"The millions of women and men who cast their ballots are a testament to the courage and the commitment of Afghans to exercise their rights and shape their future. The Secretary- General welcomes their momentous achievement," Ban said in a statement issued by his spokesperson on Sunday.
"Afghans braved threats and intimidation to exercise their right to vote, and in doing so, they have sent a powerful message that the perpetrators of violence cannot win," he said.

Congratulating the Afghans on Saturday's "historic" Presidential and Provincial Council elections, Ban said the elections "mark an important step forward in Afghanistan’s first democratic transition of power."
He noted the strong participation of women in the polls, as elections workers, observers, candidates and as voters, describing it as another step forward for Afghan women in taking their rightful place in society and having a say in their country's future on an equal basis with Afghan men.
Ban also commended the Afghan national security forces for their professionalism and dedication that enabled citizens to vote in the face of serious security threats.
He hoped that efforts by Afghanistan's independent electoral institutions would ensure that the final results reflect the will of the voters.
"The Secretary-General encourages all Afghans to continue supporting the electoral institutions as they discharge their critical responsibilities fairly, transparently and in the interests of the Afghan people," the statement added.
The powerful UN Security Council also welcomed the national vote, reiterating that the historic elections are critical to Afghanistan’s transition and democratic development.
The 15-nation Council commended the participation and courage of the Afghan people to cast their ballot despite the threat and intimidation by the Taliban and other extremist and terrorist groups.
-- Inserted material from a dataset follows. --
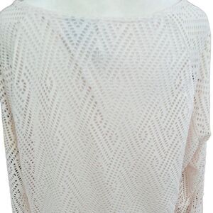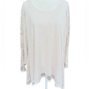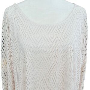 New Directions ivory laser cut lined sharkbite hem top, bell sleeves size XL. Body is lined, sleeves are not. 100% polyester, relaxed fit. Approximate measurements are pit to pit 23”, length from shoulder approximately 30”. Great in any season.

It, however, condemned the actions of those who attempted to disrupt the elections, such as terrorist attacks against civilians, including election personnel and candidates, as well as attacks against election infrastructure.
"The members of the Council condemn violent and terrorist activities by the Taliban, Al-Qaeda and other violent and extremist groups and illegal armed groups aimed at destabilizing the situation in the country," it said.
Among the front-runners to succeed President Hamid Karzai are former foreign minister Zalmai Rassoul, Abdullah Abdullah-runner up in the 2009 election - and former World Bank academic Ashraf Ghani.